Items from a dataset:
====================
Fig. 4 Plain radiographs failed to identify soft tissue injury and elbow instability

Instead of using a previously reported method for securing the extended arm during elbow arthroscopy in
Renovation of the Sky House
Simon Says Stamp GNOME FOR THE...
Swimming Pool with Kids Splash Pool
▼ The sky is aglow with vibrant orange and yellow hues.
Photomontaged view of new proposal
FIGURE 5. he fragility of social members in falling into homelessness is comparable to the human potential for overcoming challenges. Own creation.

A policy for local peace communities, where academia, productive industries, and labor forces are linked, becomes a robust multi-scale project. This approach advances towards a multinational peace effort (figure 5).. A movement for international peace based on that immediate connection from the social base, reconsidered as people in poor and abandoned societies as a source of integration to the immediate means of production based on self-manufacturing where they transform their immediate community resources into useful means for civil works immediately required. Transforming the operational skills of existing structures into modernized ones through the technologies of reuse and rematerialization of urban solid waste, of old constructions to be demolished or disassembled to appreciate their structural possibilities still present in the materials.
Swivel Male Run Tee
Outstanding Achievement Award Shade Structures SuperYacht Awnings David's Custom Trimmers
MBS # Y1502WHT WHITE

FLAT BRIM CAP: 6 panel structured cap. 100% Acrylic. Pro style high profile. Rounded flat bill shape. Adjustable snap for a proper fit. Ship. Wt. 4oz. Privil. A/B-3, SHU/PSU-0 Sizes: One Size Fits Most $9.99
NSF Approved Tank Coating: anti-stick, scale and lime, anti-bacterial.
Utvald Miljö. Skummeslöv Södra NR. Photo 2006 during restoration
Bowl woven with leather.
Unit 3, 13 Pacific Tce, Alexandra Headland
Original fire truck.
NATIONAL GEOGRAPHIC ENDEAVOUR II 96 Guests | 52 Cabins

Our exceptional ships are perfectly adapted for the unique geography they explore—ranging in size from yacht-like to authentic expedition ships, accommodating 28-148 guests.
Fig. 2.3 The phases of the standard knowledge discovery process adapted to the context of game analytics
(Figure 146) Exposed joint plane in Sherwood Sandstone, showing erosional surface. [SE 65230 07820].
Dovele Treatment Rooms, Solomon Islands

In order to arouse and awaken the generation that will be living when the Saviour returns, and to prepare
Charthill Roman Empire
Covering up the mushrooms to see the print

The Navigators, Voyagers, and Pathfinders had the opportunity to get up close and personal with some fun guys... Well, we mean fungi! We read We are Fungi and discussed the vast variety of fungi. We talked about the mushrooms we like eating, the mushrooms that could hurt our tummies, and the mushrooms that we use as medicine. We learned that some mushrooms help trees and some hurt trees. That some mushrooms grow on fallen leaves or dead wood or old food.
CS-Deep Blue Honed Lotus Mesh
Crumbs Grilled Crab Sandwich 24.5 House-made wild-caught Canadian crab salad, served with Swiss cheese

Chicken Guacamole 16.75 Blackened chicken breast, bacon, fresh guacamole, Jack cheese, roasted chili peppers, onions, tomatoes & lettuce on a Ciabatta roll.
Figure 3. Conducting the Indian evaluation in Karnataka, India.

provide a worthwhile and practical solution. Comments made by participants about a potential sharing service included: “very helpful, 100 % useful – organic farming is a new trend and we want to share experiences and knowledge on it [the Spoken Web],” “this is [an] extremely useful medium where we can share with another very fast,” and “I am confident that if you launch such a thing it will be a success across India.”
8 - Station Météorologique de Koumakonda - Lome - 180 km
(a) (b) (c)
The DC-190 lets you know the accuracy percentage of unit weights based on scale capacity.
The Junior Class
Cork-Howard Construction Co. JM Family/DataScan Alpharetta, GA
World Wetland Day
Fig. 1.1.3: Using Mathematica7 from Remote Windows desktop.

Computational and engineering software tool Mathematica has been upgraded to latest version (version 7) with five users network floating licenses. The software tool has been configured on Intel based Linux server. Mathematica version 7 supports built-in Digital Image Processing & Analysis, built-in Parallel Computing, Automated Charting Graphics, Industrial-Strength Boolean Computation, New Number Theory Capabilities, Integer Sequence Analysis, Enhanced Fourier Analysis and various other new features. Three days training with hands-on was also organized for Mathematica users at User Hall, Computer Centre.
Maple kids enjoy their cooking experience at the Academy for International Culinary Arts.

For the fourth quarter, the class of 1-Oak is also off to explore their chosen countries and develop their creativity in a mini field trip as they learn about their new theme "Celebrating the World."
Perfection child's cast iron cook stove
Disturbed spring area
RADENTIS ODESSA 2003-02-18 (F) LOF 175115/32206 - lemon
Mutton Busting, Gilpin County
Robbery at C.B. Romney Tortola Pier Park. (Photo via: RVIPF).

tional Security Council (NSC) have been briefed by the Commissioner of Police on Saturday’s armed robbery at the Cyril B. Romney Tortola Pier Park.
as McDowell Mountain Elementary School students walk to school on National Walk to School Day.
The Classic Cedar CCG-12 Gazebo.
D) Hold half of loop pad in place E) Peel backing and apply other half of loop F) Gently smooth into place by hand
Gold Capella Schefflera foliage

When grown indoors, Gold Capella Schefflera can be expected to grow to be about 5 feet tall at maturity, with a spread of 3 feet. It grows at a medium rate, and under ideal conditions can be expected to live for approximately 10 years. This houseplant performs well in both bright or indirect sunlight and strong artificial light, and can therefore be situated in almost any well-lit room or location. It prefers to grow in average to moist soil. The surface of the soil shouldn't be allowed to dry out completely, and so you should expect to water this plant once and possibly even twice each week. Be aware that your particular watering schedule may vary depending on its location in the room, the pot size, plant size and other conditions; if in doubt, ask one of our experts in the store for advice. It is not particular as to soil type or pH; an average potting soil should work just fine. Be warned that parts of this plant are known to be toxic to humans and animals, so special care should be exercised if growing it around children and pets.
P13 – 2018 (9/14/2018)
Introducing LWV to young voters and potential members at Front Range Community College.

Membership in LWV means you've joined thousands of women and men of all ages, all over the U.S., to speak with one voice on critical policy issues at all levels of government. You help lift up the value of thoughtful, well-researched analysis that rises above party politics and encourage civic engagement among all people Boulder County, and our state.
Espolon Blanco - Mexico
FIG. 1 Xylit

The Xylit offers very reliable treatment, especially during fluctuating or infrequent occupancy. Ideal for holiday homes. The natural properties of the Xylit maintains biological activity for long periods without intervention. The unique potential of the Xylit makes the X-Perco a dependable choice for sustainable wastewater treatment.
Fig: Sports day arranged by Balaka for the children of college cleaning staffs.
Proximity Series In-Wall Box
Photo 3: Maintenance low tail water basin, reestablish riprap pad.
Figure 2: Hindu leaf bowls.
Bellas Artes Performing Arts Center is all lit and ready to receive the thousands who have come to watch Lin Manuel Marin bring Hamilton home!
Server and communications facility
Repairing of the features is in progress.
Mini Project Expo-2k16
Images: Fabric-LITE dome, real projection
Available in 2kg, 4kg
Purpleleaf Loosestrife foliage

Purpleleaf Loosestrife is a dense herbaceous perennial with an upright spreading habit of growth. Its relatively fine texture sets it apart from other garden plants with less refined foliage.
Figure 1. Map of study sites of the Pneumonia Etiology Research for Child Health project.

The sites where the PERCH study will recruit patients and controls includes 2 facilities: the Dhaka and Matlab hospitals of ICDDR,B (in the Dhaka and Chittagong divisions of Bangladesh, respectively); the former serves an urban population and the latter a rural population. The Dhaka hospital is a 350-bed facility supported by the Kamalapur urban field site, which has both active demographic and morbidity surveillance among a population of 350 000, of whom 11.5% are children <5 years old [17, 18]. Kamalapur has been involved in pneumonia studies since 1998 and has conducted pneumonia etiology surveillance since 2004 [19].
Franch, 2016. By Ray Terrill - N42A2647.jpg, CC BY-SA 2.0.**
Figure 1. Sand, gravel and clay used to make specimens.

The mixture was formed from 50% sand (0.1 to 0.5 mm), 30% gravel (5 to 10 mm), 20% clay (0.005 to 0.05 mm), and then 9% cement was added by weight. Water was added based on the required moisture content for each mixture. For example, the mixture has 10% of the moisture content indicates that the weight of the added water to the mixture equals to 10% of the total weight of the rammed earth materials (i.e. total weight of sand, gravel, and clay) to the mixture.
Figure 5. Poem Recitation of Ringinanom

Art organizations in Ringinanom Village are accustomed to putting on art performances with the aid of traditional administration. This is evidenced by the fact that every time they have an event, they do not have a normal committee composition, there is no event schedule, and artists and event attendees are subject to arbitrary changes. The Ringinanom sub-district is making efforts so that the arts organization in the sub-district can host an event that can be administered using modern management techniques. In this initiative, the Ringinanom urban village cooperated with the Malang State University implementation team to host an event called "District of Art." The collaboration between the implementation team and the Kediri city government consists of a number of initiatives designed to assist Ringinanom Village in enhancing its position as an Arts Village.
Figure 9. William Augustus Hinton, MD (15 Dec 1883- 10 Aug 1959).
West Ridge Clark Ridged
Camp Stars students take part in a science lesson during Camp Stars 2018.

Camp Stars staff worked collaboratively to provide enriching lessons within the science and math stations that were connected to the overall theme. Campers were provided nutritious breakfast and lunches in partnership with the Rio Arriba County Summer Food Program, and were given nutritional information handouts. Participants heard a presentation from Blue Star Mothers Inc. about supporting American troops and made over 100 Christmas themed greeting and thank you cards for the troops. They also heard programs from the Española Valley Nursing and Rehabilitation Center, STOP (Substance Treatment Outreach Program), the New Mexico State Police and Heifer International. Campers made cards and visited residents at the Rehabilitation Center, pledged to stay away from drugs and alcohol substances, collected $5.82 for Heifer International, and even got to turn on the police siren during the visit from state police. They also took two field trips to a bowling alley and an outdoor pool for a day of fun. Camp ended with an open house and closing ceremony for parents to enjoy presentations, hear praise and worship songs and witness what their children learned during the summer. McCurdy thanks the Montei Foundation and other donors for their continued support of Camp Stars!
====================
• **TASK INSTRUCTIONS**
Look back at the entries above and repeat, unchanged, every line from the line holding "Purpleleaf Loosestrife is" through the line holding "Figure 1. Map".

• **ANSWER SPACE**
Purpleleaf Loosestrife is a dense herbaceous perennial with an upright spreading habit of growth. Its relatively fine texture sets it apart from other garden plants with less refined foliage.
Figure 1. Map of study sites of the Pneumonia Etiology Research for Child Health project.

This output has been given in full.